Okay, I saw the gic_eoi_irq() function and thought there might be something
going on there. I guess it's not relevant to this issue.

> >
> > The issue is
> > that the global ITS is responsible for affinity but does not know
> > whether interrupts are pending/running, only the CPU-local redistributor
> > handles the EOI. Hence when the affinity is changed in the ITS, the new
> > CPU's redistributor does not know that the original CPU is still running
> > the handler.
>
> You seem to be misunderstanding the architecture.
>
> The local redistributor doesn't know anything either. A redistributor
> doesn't contain any state about what is currently serviced. At best,
> it knows of the pending state of interrupts, and that about it. This
> is even more true in a VM. Only the CPU knows about this, and there is
> no EOI that ever gets propagated to the redistributor.

Right. This misunderstanding basically stems from my confusion above where I
thought that the EOI would move it back into "pending." That obviously makes no
sense because if another IRQ arrives while the handler is already running, then
another handler run must be queued, hence it must be something really early in
the flow which ACKs the IRQ so that it gets moved back to "inactive."

> > 1. Do we need to mask the IRQ and then unmask it later? I don't think so
> > but it's not entirely clear why handle_edge_irq does this anyway; it's
> > an edge IRQ so not sure why it needs to be masked.
>
> Please measure that cost and weep, specially in the context of
> multiple concurrent interrupts serviced by a single ITS (cost of
> locking the command queue, of waiting for a full round trip to the ITS
> for a couple of commands...).

Fortunately this mask/unmasking would only happen in the rare(ish) cased of the
race condition described here being hit.
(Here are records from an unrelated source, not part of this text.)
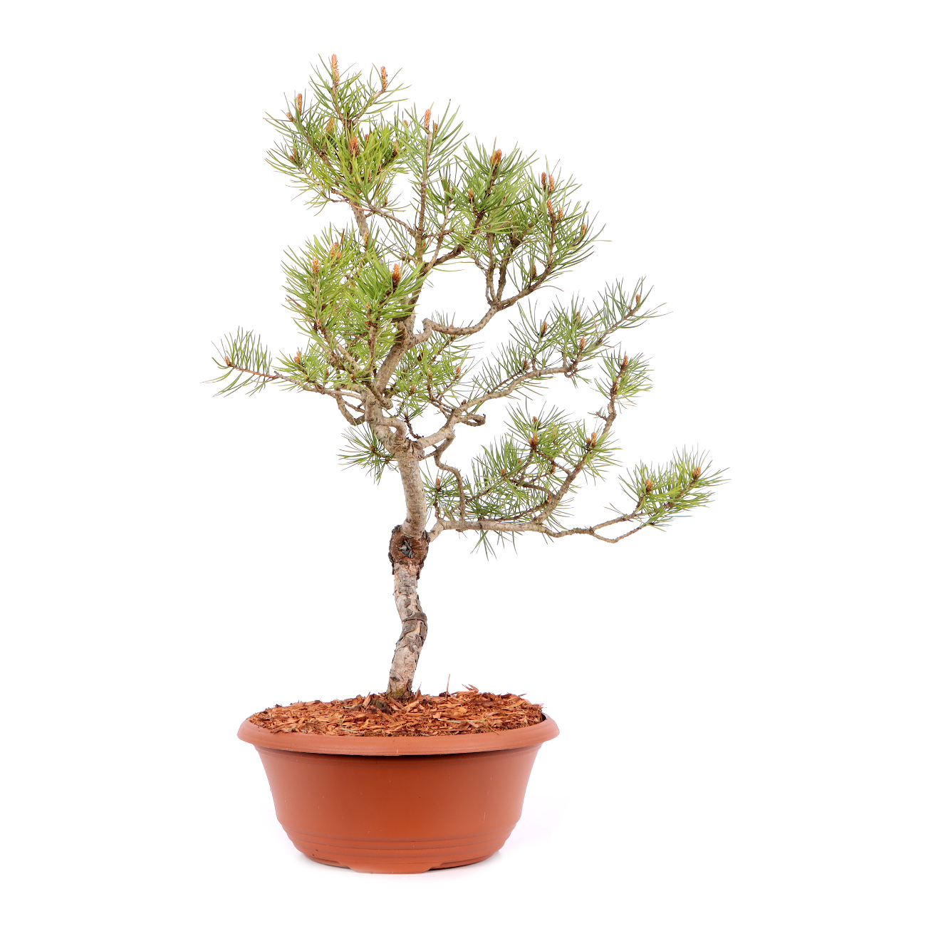 Die Waldkiefer ist durch ihre Anspruchslosigkeit und Robustheit besonders gut für die Bonsaikultur geeignet. Sie ist schnittverträglich und bietet viele gestalterische Möglichkeiten. Als Bonsai strahlt sie durch ihren derben Charakter viel Kraft aus. Andererseits zeigt die gestaltete Kiefer im Vergleich zu Laubbäumen wenig Veränderung und vermittelt dem Betrachter dadurch im Jahresverlauf viel Ruhe. Eine gestaltete Kiefer ist im Grunde sehr pflegeleicht. Die neuen Triebe (Kerzen) werden im Mai eingekürzt bzw. mit den Fingern gebrochen und zu dichte Astpartien werden im Spätsommer ausgelichtet. Im Sommer ist ein sonniger Standort sehr von Vorteil. Kiefern sollten nicht zu nass gehalten werden. Bei langen Regenperioden empfiehlt es sich die Pflanze sogar unter ein Dach zu stellen. Drahten und Gestalten kann man das ganze Jahr über. Dies sollte aber nicht mit dem Umtopfen Anfang September zusammen fallen. Außerdem muss die Pflanze nach der Gestaltung am besten frostfrei stehen. Bei dem Substrat verwendet man eine strukturstabile, luftige Mischung und achtet auf das Vorhandensein von Mykorrhiza-Pilzen. Man erkennt den Pilz an einem gleichmäßigen, feinen und weißen Belag, der die Wurzeln umhüllt und im Optimalfall die ganze Erde durchzieht. Kiefern sind sehr frosthart. Trotzdem sollten sie im Winter vor trockenen Winden geschützt werden.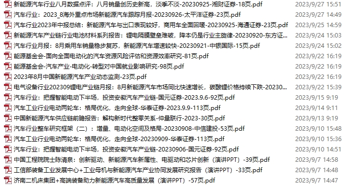 新能源汽车、电动汽车资料包,月度新增18份(2023.9.2-10.8)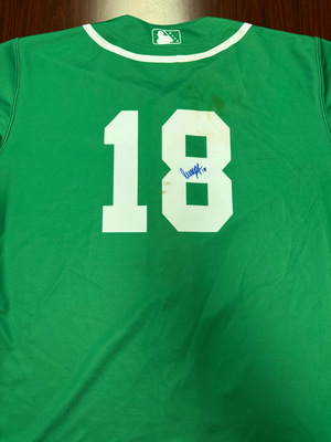 This jersey was signed and worn by pitcher, #18 Lucas Wepf during the Tulsa Drillers Go Green Night on Thursday, April 17th 2025 at ONEOK Field. This jersey is a size 46 and proceeds will help support the Friends of the Tulsa Metropolitan Environmental Trust (The Tulsa M.e.t.).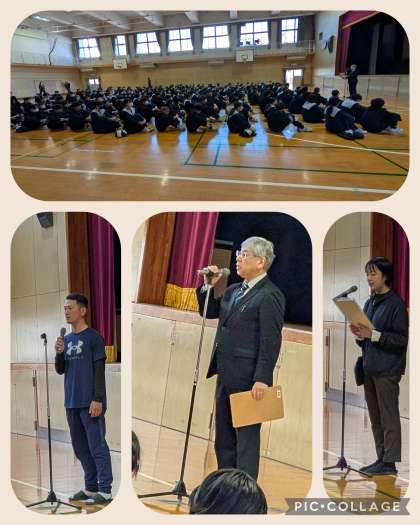 春休み中、交通安全やSNSのトラブルに巻き込まれないように、正しい行いをしよう。何かあれば家の人に連絡をとるように。部活に勉強に頑張ろう。

Exactly the same as
with handle_edge_irq(), the masking and later unmasking would only be done
when irq_may_run() == false due to the race being hit. Considering that this is
a rare occurrence, I think we could stomach the occasional overhead? I was more
asking if it's actually *necessary* to do this masking/unmasking. I'm not sure
it's necessary anyway, hence it wasn't implemented in my patch.

> > index 49e7bc871fec..4e5fc2b7e8a9 100644
> > --- a/kernel/irq/chip.c
> > +++ b/kernel/irq/chip.c
> > @@ -692,8 +692,10 @@ void handle_fasteoi_irq(struct irq_desc *desc)
> >
> > raw_spin_lock(&desc->lock);
> >
> > - if (!irq_may_run(desc))
> > + if (!irq_may_run(desc)) {
> > + desc->istate |= IRQS_PENDING;
> > goto out;
> > + }
>
> What is currently unclear to me is how we get there on another CPU if
> we're still handling the interrupt, which happens in the critical
> section delineated by desc->lock. So there is some additional state
> change here which you don't seem to be describing.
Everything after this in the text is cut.